Can you trust at-home COVID tests? We asked doctors when they’d use them

Coronavirus

Boxes of BinaxNow home COVID-19 tests made by Abbott and QuickVue home tests made by Quidel are shown for sale Monday, Nov. 15, 2021, at a CVS store in Lakewood, Wash., south of Seattle. After weeks of shortages, retailers like CVS say they now have ample supplies of rapid COVID-19 test kits, but experts are bracing to see whether it will be enough as Americans gather for Thanksgiving and new outbreaks spark across the Northern and Western states. (AP Photo/Ted S. Warren)

(NEXSTAR) – As holiday travel kicks into high gear, many are relying on at-home COVID testing kits to help them know if it’s safe to gather with friends and family. But after two million of them were recalled over accuracy issues, you may be wondering if the at-home route is reliable.

First and foremost, the accuracy of the test depends on your ability to follow instructions, says Dr. Jaquelin Dudley at the University of Texas. Most of the tests come with very specific step-by-step instructions – and you should follow them. Make sure you’re swabbing both nostrils for the appropriate amount of time and waiting 15 minutes to see the results.

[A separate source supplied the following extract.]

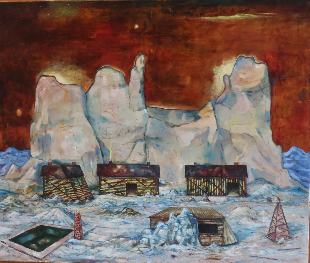 I en målning ses ett stort isberg i fonden starkt belyst av obehagligt obönhörlig smältvärme. Och framför det några av industrisamhällets symboler som en fabriksskorsten och ett oljeborrtorn. Och tillsynes övergivna hus. Så ser en att isberget har drag av ösiluetten i Böcklins älskade senromantiska målning Dödens ö. Men här finns inget mörker att melankoliskt försjunka i. Det handlar om en annan tid. Vår tid. Olle Schmidts målning är laddad med den kalla klimatångest det smältande isberget kan symbolisera.
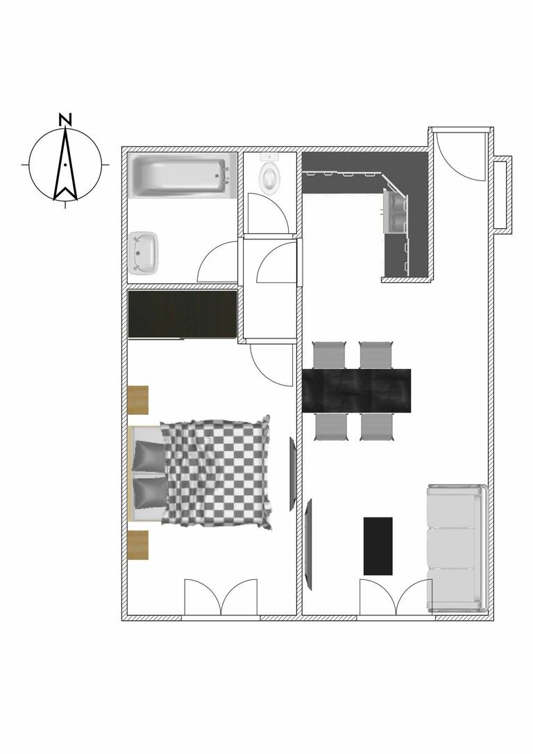D'une surface totale de 31,59m2, cet appartement se compose, pour la partie "jour" d'une entrée donnant sur un séjour avec cuisine ouverte, et pour la partie "nuit", d'un dégagement permettant d'accéder à une chambre, une salle de bains et une toilette indépendante.

When used properly, the at-home antigen tests catch about 85% of COVID cases, reports the New York Times. They’re better at detecting COVID cases when someone is symptomatic (and therefore has a higher viral load) than someone who is asymptomatic and has a lower viral load.

The sensitivity to COVID-19 presence won’t be as high as a PCR test sent to a lab, but that may be OK for your purposes. Dr. Bob Wachter, chair of the Department of Medicine at the University of California, San Francisco, says he’s a fan of the rapid tests you can find at your local pharmacy, such as BinaxNOW.

“The situation they excel in is one that frequently arises at holidays: you want to know whether an individual not only has COVID but is actively infectious.” explains Dr. Bob Wachter, “A positive test is very good evidence that the person is infectious; a negative test is quite reassuring that they are not.

“This is the test I want to use in that situation – the PCR just takes too long (often days) and is actually more sensitive than you need. It can detect virus at a level so low that the person isn’t infectious.”

Another thing to keep in mind is that a test result – whether it’s from an antigen test or a PCR test – is just a snapshot in time. It only shows a positive result if the virus is detectable in your system at the moment the sample was taken. That means you need to use rapid tests regularly to be sure you’re not infected and/or contagious.

“If I was gathering with eight fully vaccinated and (if appropriate) boosted people, and I trusted that any of them would bow out if they had any symptoms, I wouldn’t use [a rapid test],” says Wachter, as the risk of asymptomatic COVID-19 transmission between fully vaccinated people is very low.

“But if one of the people was not vaccinated, I’d insist that he or she do a rapid test that day and could only come in if negative,” he continues. “I might do the same if someone was vaccinated more than six months ago and hadn’t yet been boosted. And I’d certainly have anyone with a runny nose or any potential COVID symptoms test before being let into the gathering.”

Dudley, on the other hand, still prefers to get a PCR test wherever available. If you are relying on rapid testing, she suggests doing your research on the manufacturer to make sure it’s a reputable brand.

“The user should look for information about how the test has been verified. If you can’t tell, ask the pharmacist to help you choose the test,” says Dudley.

Also, if you’re feeling sick, Dudley suggests following any sort of rapid test with a PCR test to confirm the results. In the meantime, you should also stay away from others and contact your doctor.